Closed danchern97 closed 3 years ago
I am struggling with this too. Has anyone fixed this / does anyone have a good workaround? (It seems the commit on Feb 12 (d518cfbc7bbb5f7270afc07570c591b0a32b65c9) has not completely fixed this issue.)
There is a standard way to handle running out of device or host memory on a single run of a program. Borrowing from Tensorflow, on the programmer's end you may save "checkpoint files" to disk/persistent memory every once and a while. You can save all your necessary parameters/variables, write them out to a file then read the latest checkpoint file back upon running your program a second time after memory is used up for whatever reason. You may use whatever format for your checkpoint file what is most important is that you use persistent memory.

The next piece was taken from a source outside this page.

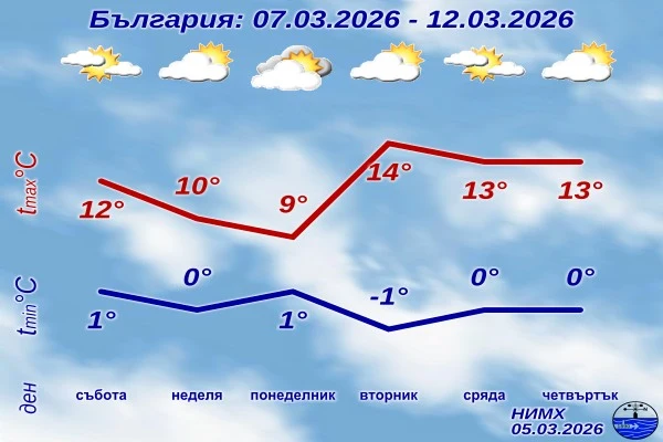 След хладния старт на седмицата, температурите ще тръгнат рязко нагоре. Очаква се дневните стойности да достигнат и дори да надхвърлят 15 градуса в по-голямата част от страната. По-хладно ще се задържи единствено по Черноморието, където заради задържаща се ниска облачност или мъгла термометрите ще отчитат до 10 градуса. Минималните температури през целия период ще варират в тесни граници – най-често между минус 3 и 2 градуса.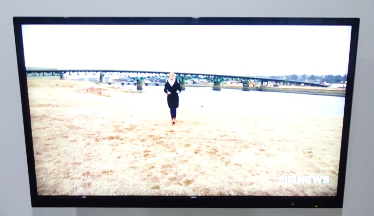They showed a nice aerial picture of Ottumwa, but I missed it. Instead I got this out of focus picture of the reporter standing in front of one of the Ottumwa bridges.

You may use the sync command to clear cpu memory btw.
Hi, thanks for responding! Are you referring to os.sync(), or some other sync command?
There is a standard way to handle running out of device or host memory on a single run of a program. Borrowing from Tensorflow, on the programmer's end you may save "checkpoint files" to disk/persistent memory every once and a while. You can save all your necessary parameters/variables, write them out to a file then read the latest checkpoint file back upon running your program a second time after memory is used up for whatever reason. You may use whatever format for your checkpoint file what is most important is that you use persistent memory.
You may use the sync command to clear cpu memory btw.
Your answer really helped, I've figured it out a few months ago though. Still thanks!
Like last time, I am using the python bindings for calculating features of a large number of matrices. Now the GPU memory usage looks OK, but the used RAM is increasing slowly. It's fine for a small number of matrices, but the large number it is really a pain.
I guess there are some variables that are not freed in the ripser++.cu, but I can't trace them yet.